The select system call allows a user process to wait for events on a set of descriptors. A process can indicate interest in three types of events on a descriptor: events that make a descriptor readable, those that make it writable, and exception events. This information is passed to the kernel using three bitmaps. In each bitmap the kth bit indicates interest in events of that type for the kth descriptor. These bitmaps are value-result parameters, and the returned bitmaps indicate the sets of ready descriptors. Stevens[23] describes the select() interface in detail.
We describe the Digital UNIX implementation of select(). However, the classical BSD implementation of select() is similar to the Digital UNIX implementation.
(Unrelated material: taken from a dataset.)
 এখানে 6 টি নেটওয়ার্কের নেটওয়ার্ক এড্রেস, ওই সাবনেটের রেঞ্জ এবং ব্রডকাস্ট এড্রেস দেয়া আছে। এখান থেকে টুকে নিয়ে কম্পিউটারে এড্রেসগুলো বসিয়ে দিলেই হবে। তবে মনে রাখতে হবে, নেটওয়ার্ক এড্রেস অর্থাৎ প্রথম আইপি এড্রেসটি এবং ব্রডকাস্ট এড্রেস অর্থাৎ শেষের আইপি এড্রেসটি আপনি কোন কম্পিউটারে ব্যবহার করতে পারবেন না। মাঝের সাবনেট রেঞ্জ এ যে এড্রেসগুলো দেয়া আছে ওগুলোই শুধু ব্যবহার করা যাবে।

The main differences are related to the multithreaded nature of the Digital UNIX kernel. Thus our discussion is fully applicable to 4.3BSD and most BSD-derived implementations. Also, we discuss how select() works for descriptors that represent sockets, but our discussion and algorithms can be trivially extended to include descriptors that refer to other kinds of objects, such as vnodes. (Vnodes are kernel data structures used to represent files and devices.)
In Digital UNIX, the select() function in the kernel starts by creating internal data structures containing summary information about sockets that are marked in at least one input bitmap. Subsequently, select() calls do_scan(), which calls selscan() to check the status of each of the entities (vnodes or sockets) corresponding to the selected descriptors.
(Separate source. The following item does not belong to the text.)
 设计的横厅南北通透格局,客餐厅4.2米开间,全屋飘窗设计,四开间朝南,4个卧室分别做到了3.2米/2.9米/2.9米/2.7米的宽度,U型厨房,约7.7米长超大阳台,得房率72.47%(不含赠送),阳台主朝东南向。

For each selected socket, selscan() enqueues a record referring to the current thread on the select queue of the socket. This is done so that the thread can be identified as waiting inside select() for events on the socket. selscan() then calls soo_select() for each socket, which checks to see if the condition that the process is interested in (i.e. the socket is readable, writable, or has pending exceptions) is true. If none of the conditions that the user process is selecting on are true, then do_scan() goes to sleep waiting for any of these to become true.
Note that the linear search in selscan() covers every socket of potential interest to the selecting process, independent of how many are actually ready. Thus, the cost is proportional to the number of file descriptors involved in the call to select(), rather than to the number of events discovered by the call.
When a network packet comes in, protocol processing may cause a condition on which do_scan() is blocked to become true. The thread that performs protocol processing for an incoming packet calls select_wakeup(), which wakes up all threads that are blocked in do_scan() awaiting this condition.
A thread that is woken up in do_scan() calls selscan(), which calls soo_select() for all the sockets that the corresponding call to select() specified in its three bitmaps. do_scan() also calls undo_scan() to remove this thread from select queues of the selected sockets.